We'd gather around 30 worms, sometimes more, sometimes less. They might get dumped into the front lawn, or maybe even the back. Most often though, they would get put into the garden. Each fall we mulched the garden. Each spring that mulch got turned into the soil. But by far the most important thing we did was add the worms.

This last fall we moved from our rock and clay yard to an apartment in the wet Pacific Northwest. We have often walked in the rain over the past few months but it wasn't until last week I realized what was missing. Worms! I saw no worms. How very odd.

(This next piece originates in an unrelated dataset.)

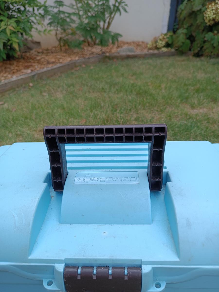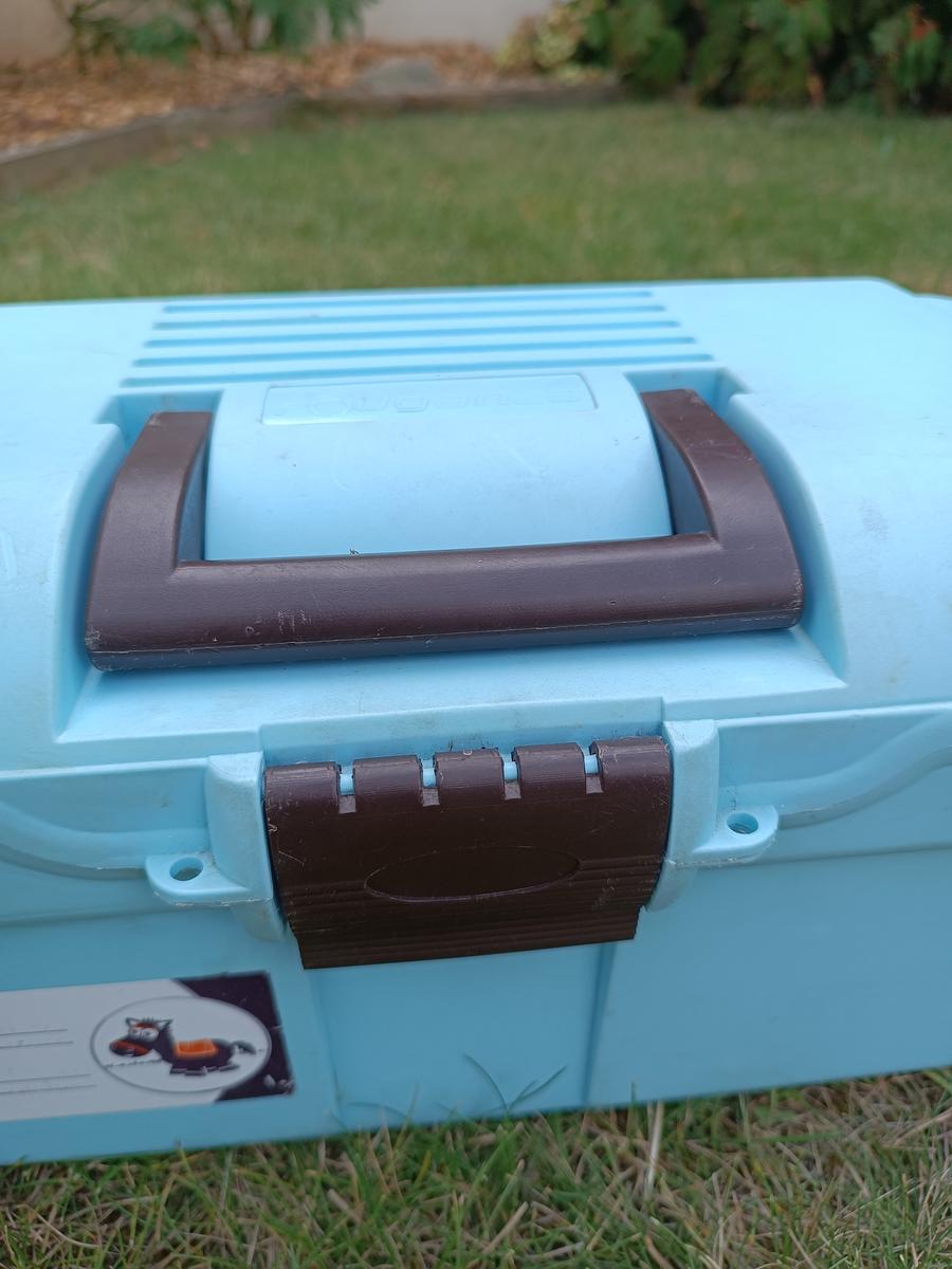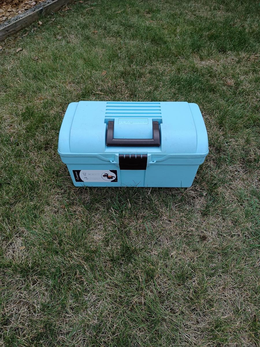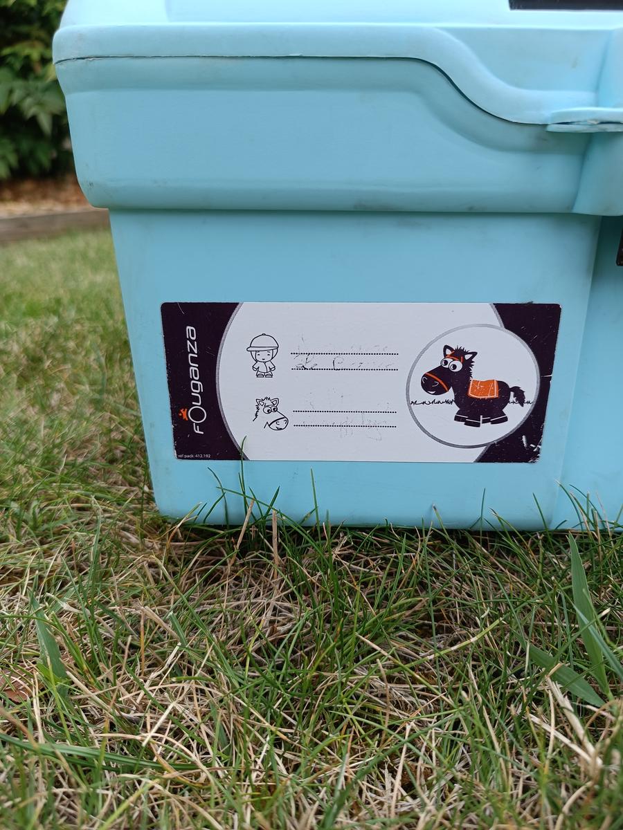 Boite de pansage bleue Fouganza. Traces d'usure visible mais reste en très bon état ! Vendue sans brosses.
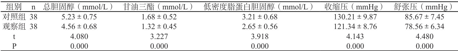 与对照组相比,观察组舒张压、收缩压以及相关血脂指标的数值更低, P<0.05 ,见表1:

Then only a couple days ago they came out. They were small and spindly, hardly worth noticing. Shorter than my pinkie! Touching them hardly made them wriggle. Tons of them couldn't even make it off the sidewalk before the sun came out. If they had made it out as far as the gutter it seemed they were goners. I couldn't help but think there wasn't a one we saw that would make decent fishing bait.

What in the world could cause such a difference, I wondered. The ground before was hard and nutritiously poor. The ground here is soft, so soft it squishes after a rain. Everything is so green. The soil must be rich. It must be like a worm Utopia compared to to the former ground. So how is it these new worms are so weak and puny were as the worms I knew were robust and lively? Could it possibly be that the work required to survive in the hard soil is exactly what made better worms, not the nutrients I imagine must be in the new soil? That living the life of ease was actually holding back these more inferior cousins? Is it the same for people? Might it be we need opposition and challenges in order to grow bigger and more robust? That living an easier life actually makes us weaker specimens?

Though I am not sure, for now I shall be grateful for the oppositions I have faced thus far, hoping they have made me to be of the strong fighter variety instead of leaving me weak and puny. If I find myself far from where I am safe, I want to be tough enough to make it back to friendlier ground!


Blogger Jim McKeeth said...

You have such a great writing style. I love reading your writing. I hadn't noticed the few small worms here either, but now that you mention it.

Maybe we need to go out in the middle of the night with a flashlight and look for night crawlers.

Wed Mar 19, 11:40:00 AM MDT  
Blogger mmm.chocolate said...

This is exceptionally well written and insightful. I really enjoyed reading it!